Yes I have my daughter 50% of The time and we love our time together...but I am now close to broke, emotionally broken and struggling to be the father I want to be for her. I have regular offers of great jobs elsewhere that would further my career and provide for my daughter comfortably. I am however not allowed to take her and her mother refuses to move to a more forgiving place ( another of her own home countries and my daughters birthplace) so i remain stuck covering her mothers frequent absence in a very foreign environment.

it might sound like whining to many and perhaps it is, I am certainly lucky in that I get to see my child a lot, but I do agree it is time that parents were treated as equals in divorce the same way that they are in the workplace. I've changed as many nappies as my ex whilst also,providing considerable $$ yet I get no rights and she gets whatever she wants whilst telling me to leave and send her the $$$ for our daughters 'driver and nanny' (I do not jest that was her literal suggestion...she added how great it would be to get 4 weeks a year with my daughter in the summer) She still maintains what a GREAT father I am, but despite having considerable money of mine already and even more of her own plus a huge inheritance...her biggest issue...I should be earning more and should go wherever I can achieve that whilst her nanny and her mother look after our daughter.

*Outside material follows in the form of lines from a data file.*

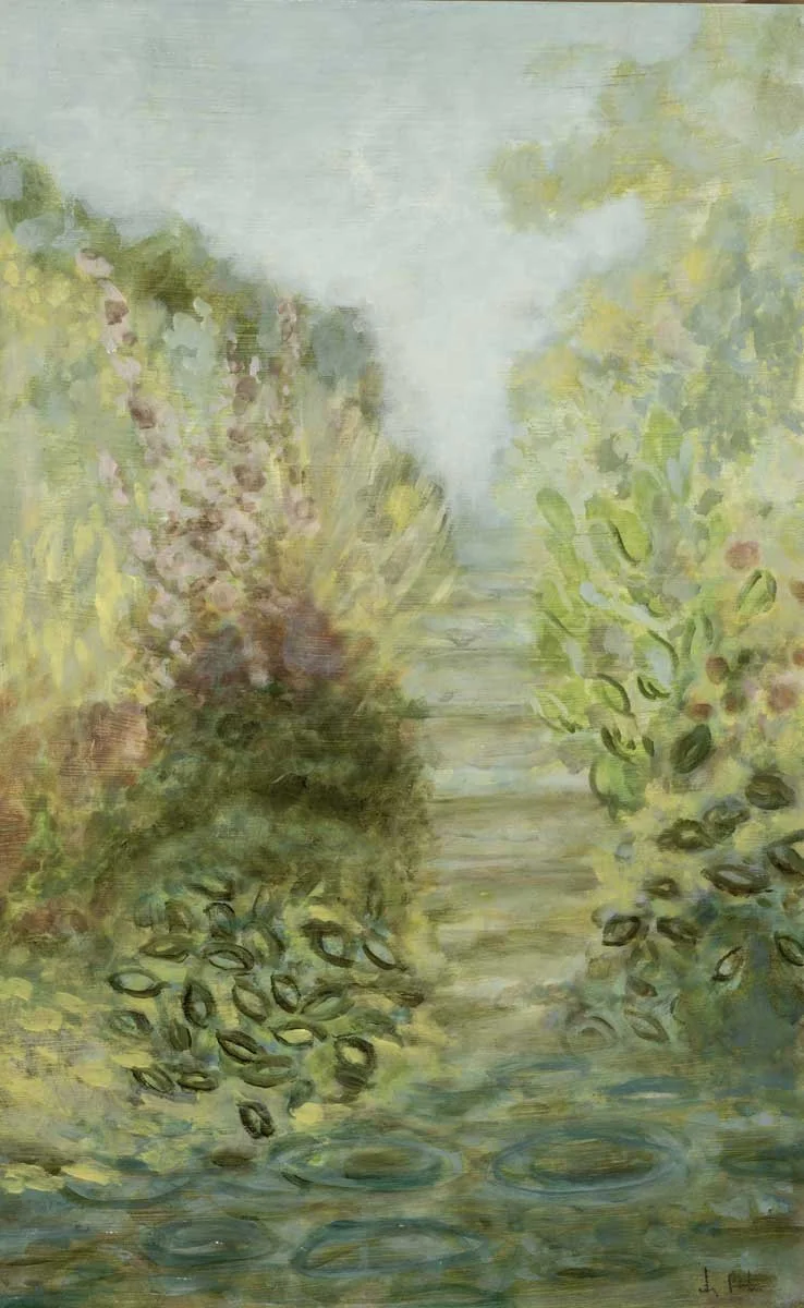 I have been living and painting in Santa Barbara for the past 40 years. Studies of the earth, sky and sea are prevalent in my most recent work. The organic shapes and patterns of these forms are diverse, intriguing, and beautiful to me. I am moved by their simplicity and their complexity. My airy, earthy and watery palette is inspired by these forms and is full of rich greens, blues, yellows, and browns. I paint with oil on wood panels so I can scratch and sand the surface as I paint a many-layered finish.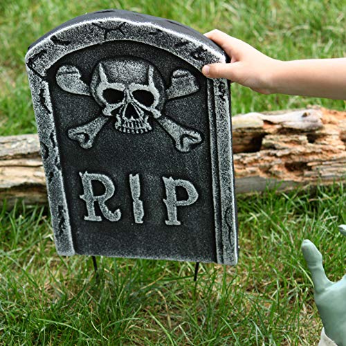 Il set include: lapide in schiuma RIP da 38 cm con 2 mani e braccia zombie.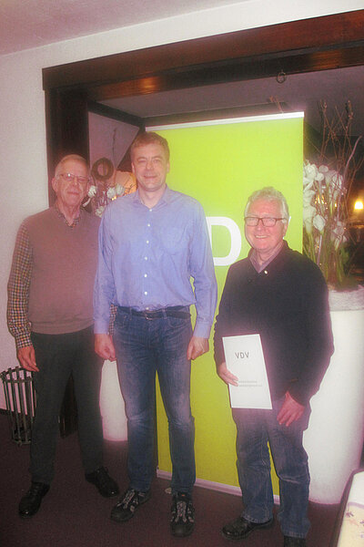 Für 50 Jahre Mitgliedschaft im VDV wurde der wiedergewählte langjährige Kassenverwalter Erwin Dietrich mit der Dankesurkunde und Nadel geehrt. Die nicht anwesenden zu ehrenden VDV-Mitglieder erhalten ihre Urkunden per Post.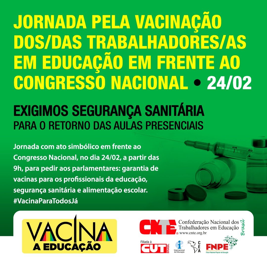 Na próxima quarta-feira (24), a Confederação Nacional dos Trabalhadores em Educação (CNTE) vai participar da “Jornada Nacional Vacina para Todos Já”, que tem o objetivo de pedir aos parlamentares vacina para todos, com prioridade aos profissionais da educação, além de segurança sanitária para as comunidades e alimentação escolar. A mobilização também exige orçamento público setorial capaz de assegurar o enfrentamento à pandemia para 2021.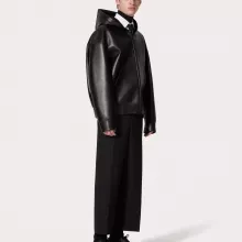 Experience luxury and style with the Valentino Lambskin Hooded Jacket. Crafted from premium lambskin, this jacket combines sophistication with practicality, making it a standout addition to your wardrobe. Its sleek monochrome design, front zipper closure, and functional welt patch pockets deliver a contemporary yet timeless look. Whether you’re layering up for a chilly day or making a statement, this jacket is the perfect blend of comfort and fashion.
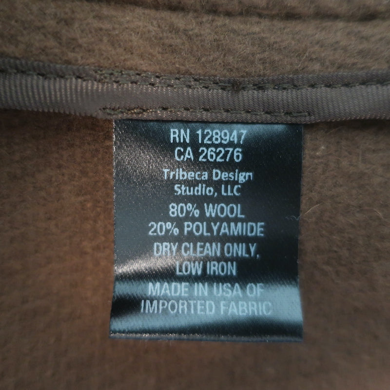 Gently worn. Great condition. No flaws. Missing leather belt. Retails for $960! 80% wool, 20% nylon; 95% wool, 5% cashmere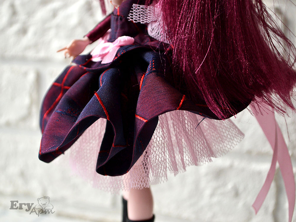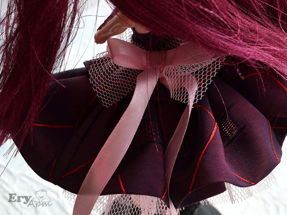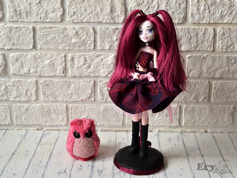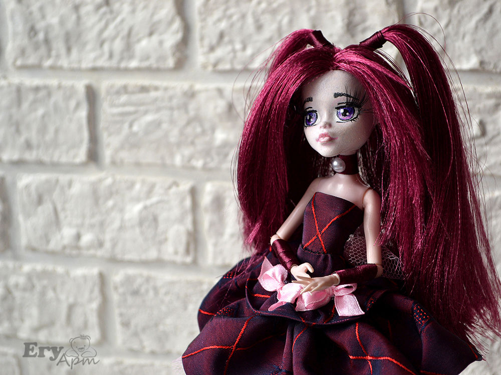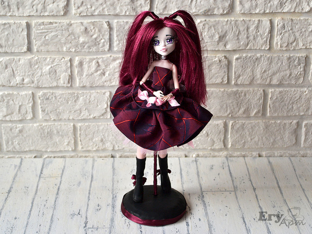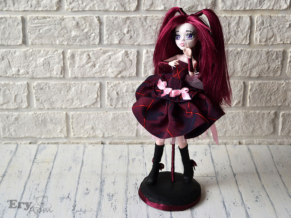 Точно не знаю как стиль называется, я сокращенно назвала ГотиЛоли. За основу взяла, самую дешевую подделку под МонстерХай. Голова была ярко малиновой, перекрыла акрилом, нарисовала глаза в стиле аниме, приклеила ресницы.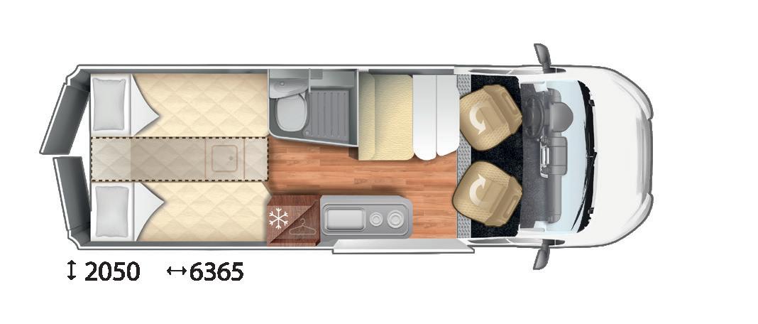 S= standard O=optional CHASSIS MECHANICAL UNIT FIAT DUCATO ENGINE 2.2 MJ POWER 140 HK HD MAXIMUM TECHNICALLY PERMISSIBLE WEIGHT (KG) 3500 WEIGHT UNLADEN IN RUNNING CONDITIONS MIN / MAX (KG) 2905 / 3165 ADDITIONAL EQUIPMENT (KG) 32 WHEELBASE (MM) 4035 MAXIMUM TOWABLE WEIGHT (KG) 2500 WHEELS DIMENSIONS 15" MANUAL AIR CONDITIONING S DRIVER AND PASSENGER AIRBAG S / S CRUISE CONTROL WITH SPEED LIMITER S ABS / ESC S / S SWIVELLING DRIVER' AND PASSENGER'S SEAT S CAB SEAT COVERS S PAINTED CAB WHITE PLEATED CAB CURTAIN S DAB USB BLUETOOTH RADIO 9'' WITH ANDROID AUTO / APPLE CARPLAY O REAR VIEW CAMERA O DIMENSIONS AND PLACES BERTHS 2 (+1) REAR BED (CM) 1950X800 - 1860X800 SUPPLEMENTARY BED IN DINETTE S DIMENSIONS SUPPLEMENTARY BED IN DINETTE (CM) 1560 X 950(500) BEDS WITH STAVES S SKYLIGHT PANORAMIC SKYLIGHT 700X500 MM WITH BLIND AND MOSQUITO NET S 400X400 MM SKYLIGHT S OPENABLE REAR WINDOWS S DOUBLE-GLAZED WINDOWS WITH BLIND / MOSQUITO NET S INSTALLATIONS BURNERS 2 TANK CAPACITY : CLEAR WATER / WASTEWATER (L) 85(20) / 90 COMPRESSOR FRIDGE (L) 70 STANDARD HEATING SYSTEM 4000 KW GAS SPACE FOR 2 GAS BOTTLES (TOT. MAX 7 KG) S BATHROOM WINDOW (DOUBLE OPAQUE GLASS) S INTERNAL INSULATION MATERIAL POLYURETHANE FOAM FLOOR THICKNESS MIN / MAX (MM) 36 EQUIPMENTS LIFTING ROOF WITH INTEGRATED DOUBLE BED O STOWAGE ABOVE THE CABIN / OPEN SPACE CABIN S /CAB CARPET S TABLE EXTENSIONS IN DINETTE S FOLDING TABLE S STORAGE UNDER THE DINETTE TABLEENTRANCE DOOR FLYSCREEN S ELECTRIC STEP S SOLAR PANEL O AWNING O BLACK FRONT GRILLE, BLACK SKID PLATE, BLACK HEADLIGHT SURROUND O TECHNO TRIM O LEATHER STEERING WHEEL AND KNOB O INTERNAL LED LIGHTENING S EXTERIORS EXTERNAL LED LIGHT O 4 2+1 4

more and more fathers have similar stories as ambitious and successful wives lose interest in the fathers that support their wives careers by staying home for the kids and putting off their own careers. The law needs to catch up...meanwhile I will remain torn on my next move. Sorry that was long!

Ps my wife's explanation for divorce to our mutual friends ' he did nothing wrong, I just got bored' ... And she gets all the rights...strange society!

Mary
Mary

Trueform, it's too bad you don't have an ex that puts your daughter first. I would never move so far away from my kids' dad even though he is dad number 2 described in the article. I encourage you to keep your language and actions consistently focused on what your daughter needs when you interact with the mother. Maybe over time your ex will realize you are truly invested in your daughter. Your ex is missing the point that kids need both parents. Also, you are the one person she can be sure would pick up your daughter in an emergency. You are the only other parent, the only other person that cares for and takes responsibility for your daughter in that way. She is distancing herself from the person most likely to help out with your daughter in a pinch. Your ex is taking out her anger for you on your kid. We could write a blog about that. It's pathetic and selfish. Hang in there.

MrEvans
MrEvans

Just do the best you can. The system cannot make the real offenders feel defeated so it crushes whoever it can because people are shitty. What is most important is how your child sees your relationship and not anyone else. Period.

Abandoned
Abandoned

My dad cheated on my mom and wants nothing to do with me and we used to be so close. I don't think it ever gets easier you just kinda get used to it. I'm sorry for what happened to you.

joepublicva
joepublicva

Hey idiot. U hav a rite to post anything u lik but to promote services for someone else, particularly on site where real family problems r conveyed by vulnerable ppl, doesnt mak u any better than the creators of this site. Ply ur wares or bs elsewhere.